I have a love-hate relationship with the advice "Don’t reinvent solutions to common problems." In one sense, it's obviously a good idea because it's (generally) bad to repeat yourself. When you repeat yourself, the places where you can make a mistake increase, you violate single point of truth, yadda, yadda, yadda.
But in the same sense, for me, reinventing things has included some of the most enriching things I've ever done as a programmer. For example, the first big project I ever tackled (more than 10 years ago) was an open source message board heavily inspired by vBulletin. I really didn't solve any problem that hadn't been solved before, and the last thing the world needed was another message board. But holy hell, I really learned a lot! And it was maddeningly fun. I would never want to deprive someone of that experience just because I think that DRY is a Good Thing.
On the flip side, just a short while ago, I tried writing a package that handles a cluster of remote peers[1]. Want to know what I learned? That I knew a lot less about networking than I thought I did, and I'd have to read a lot more literature before I could get to where I wanted to go.
And yes, this can't always be the case, because you'd never get anything done otherwise.
(It occurs to me that maybe I'm talking about personal enrichment while the OP is talking about solving ML problems.

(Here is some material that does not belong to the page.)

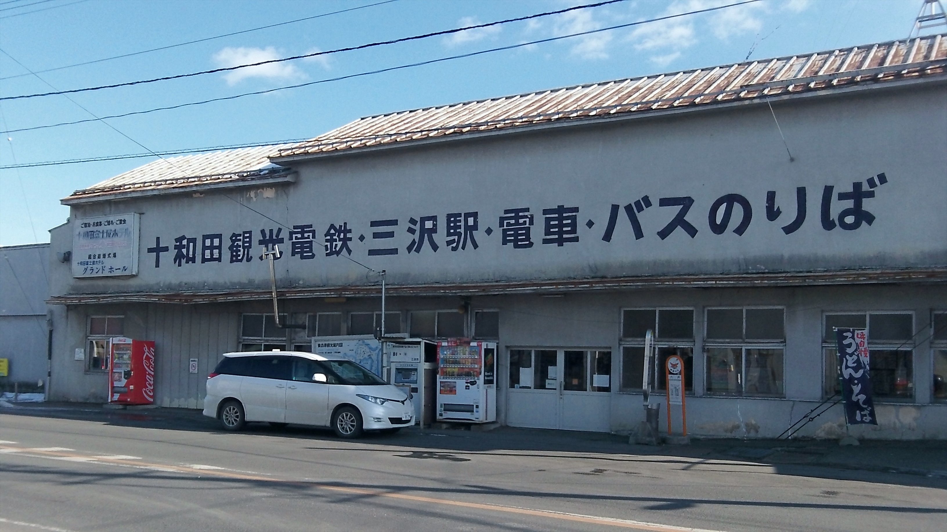 三沢駅のバス停は、十和田観光電鉄三沢駅の前にある。鉄道は2012年に廃線になり、今はバスの待合室として利用されているだけだが、電車の文字はそのままになっている。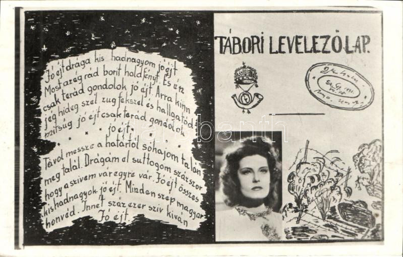 Leírás: II. világháborús romantikus magyar képeslap Karády Katalin képpel / WWII Hungarian army, military romantic postcard (EK)

Toe-may-toe, toe-mah-toe.)
> I have a love-hate relationship with the advice "Don’t reinvent solutions to common problems."
Yes: it's difficult for me to reconcile this with the next piece of advice: "Don't Ignore the Math".
If you haven't understood the common problems well enough to code your own solutions, it seems to me that you wouldn't have a secure enough understanding of the math to make any valuable improvements.
When experts give advice, they often forget how little most people know. Contradictory advice probably means they know which cases it applies in, and it should be obvious if you know what you are doing.
Ultimately, most of the advice will boil down to "be an expert". I guess that's what you're in for when you read a five point blog post on something which is really quite advanced.
Alan Kay said, "To a first approximation, you should never write your own software. To a second approximation, you should always write your own software."
I've had good experience with reinventing the most important part of the wheel. If I try to solve a common problem myself first, I will gain insight into the pitfalls, so that I can make a better decision which pre-made solution to use.
I completely agree but I think there's a nice explanation for this.
It is _absolutely_ fine to violate DRY and repeat work of others for _learning_ purposes.
However, if you're already past that stage and want to create code/library/binary/whatever for other people to actually (re)use, then DRY and be orthogonal.
One nasty aspect of the advice "Don't reinvent solutions to common problems" is it doesn't really provide a way to tell when your problem is really, truly a common problem, which can be a lot more subtle than you might think.
Sometimes the simplest single requirement change - say, works in low memory environment, or handles high latency, or utilizes a GPU, or has a good public API, or has low battery usage, or can save its entire state to disk, or is skinnable, or supports other random feature X - can instantly take all common solutions to a problem and invalidate them. But just as often, it doesn't. Or, just as often, you have to just give up on those requirements for pragmatic reasons.
The author does specifically point out that his advice is for people starting with machine learning. I think your bulletin board example wouldn't have worked out as well if you hadn't used any online bulletin boards before building your own.
It's true I had used bulletin boards before, but I hadn't done much programming before that outside of a high school classroom.
In any case, I could pose a litany of other examples where I started in a subject precisely by "resolving" some common problems. For instance, when starting with machine learning, I implemented a simple naive Bayes text classifier myself. It was fun and illuminating.
Yes, this is definitely a learning style. Yes, people's tastes differ. But, I think that's my point...
On the flip side, just a short while ago, I tried writing a package that handles a cluster of remote peers[1]. Want to know what I learned?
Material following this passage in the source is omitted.